1. Create an external verifier executable.
   - Implement it as a CLI invoked by `ATC_PROOF_EXECUTOR`.
   - Read the input JSON, run verification, and write result JSON to stdout.
   - Echo back `problem_id` and `mode` unchanged.

2. Return fields compatible with the loop: `success/stdout/stderr/duration_ms`.
   - Put failure details in `stderr`.
   - Return `success` strictly as a boolean.

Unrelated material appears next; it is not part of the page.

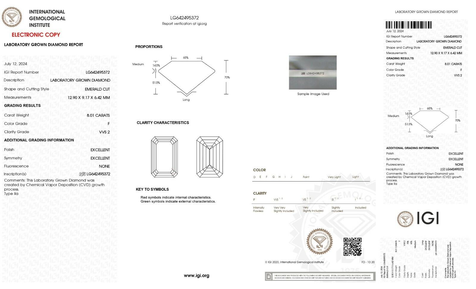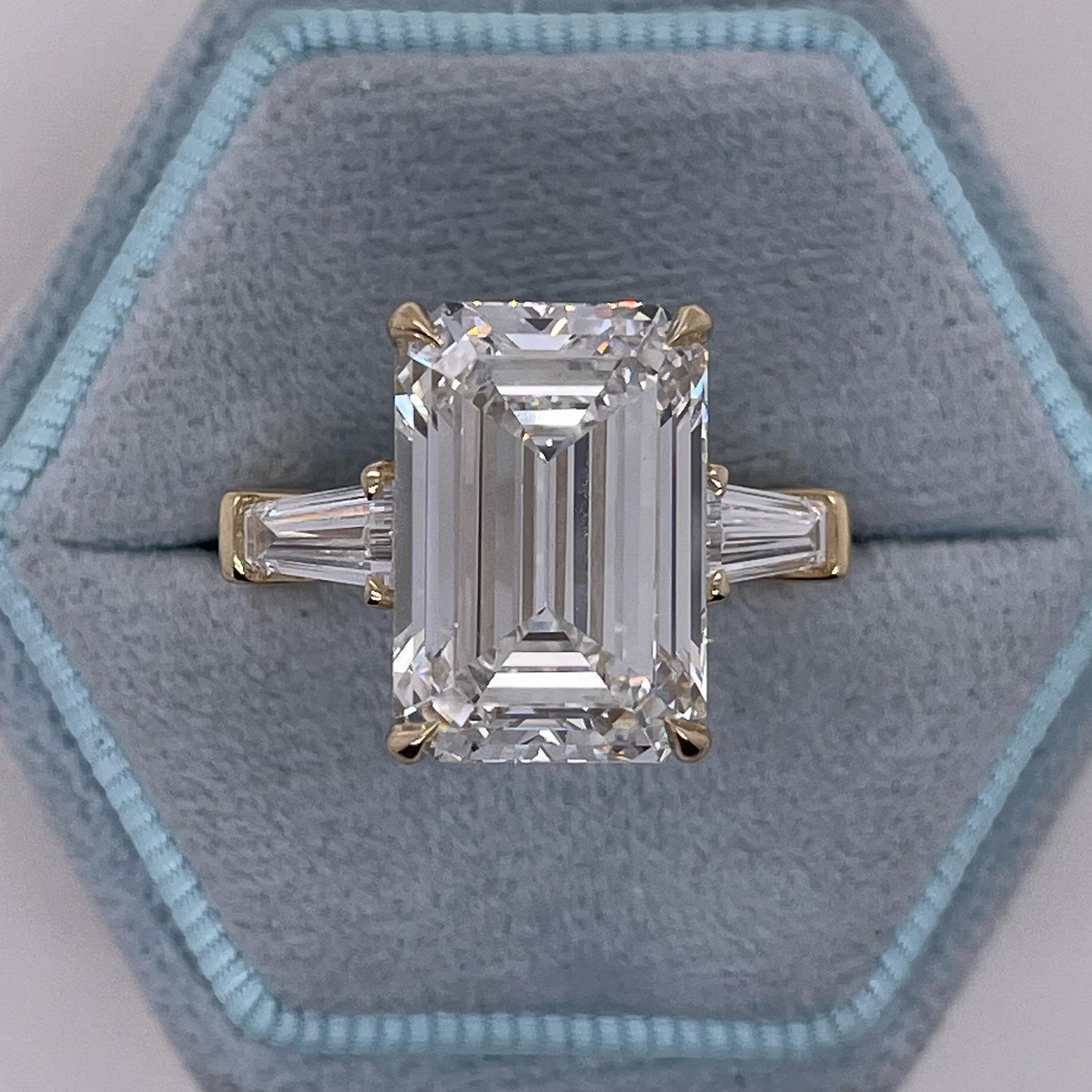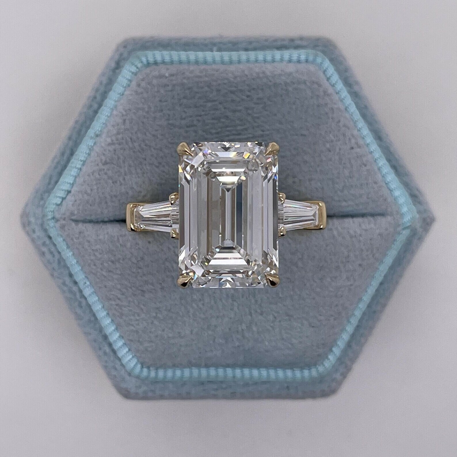 Lab Grown Huge 9.00 Carat IGI Certified F Color VVS2 Emerald Cut Diamond Ring

3. Run in production by setting environment variables

   ```bash
   export ATC_PROOF_EXECUTOR="uv run python my_proof_executor.py"
   uv run python scripts/atc_cli.py loop --max-iterations 20
   ```

4. On poor convergence, inspect logs and align the contract.
   - Keep worker logic and prompts unchanged; only adjust verifier output.
   - Increase signal density in `stdout/stderr` to improve reproducibility.

## Operational notes

- If you unset `ATC_PROOF_EXECUTOR`, execution automatically returns to default `lake env lean` verification.
- For local/remote split deployments, enforcing `timeout_sec` in the external runtime is safer.
- The existing repair loop only needs success/failure plus diagnostics, so your proof generator can remain unchanged.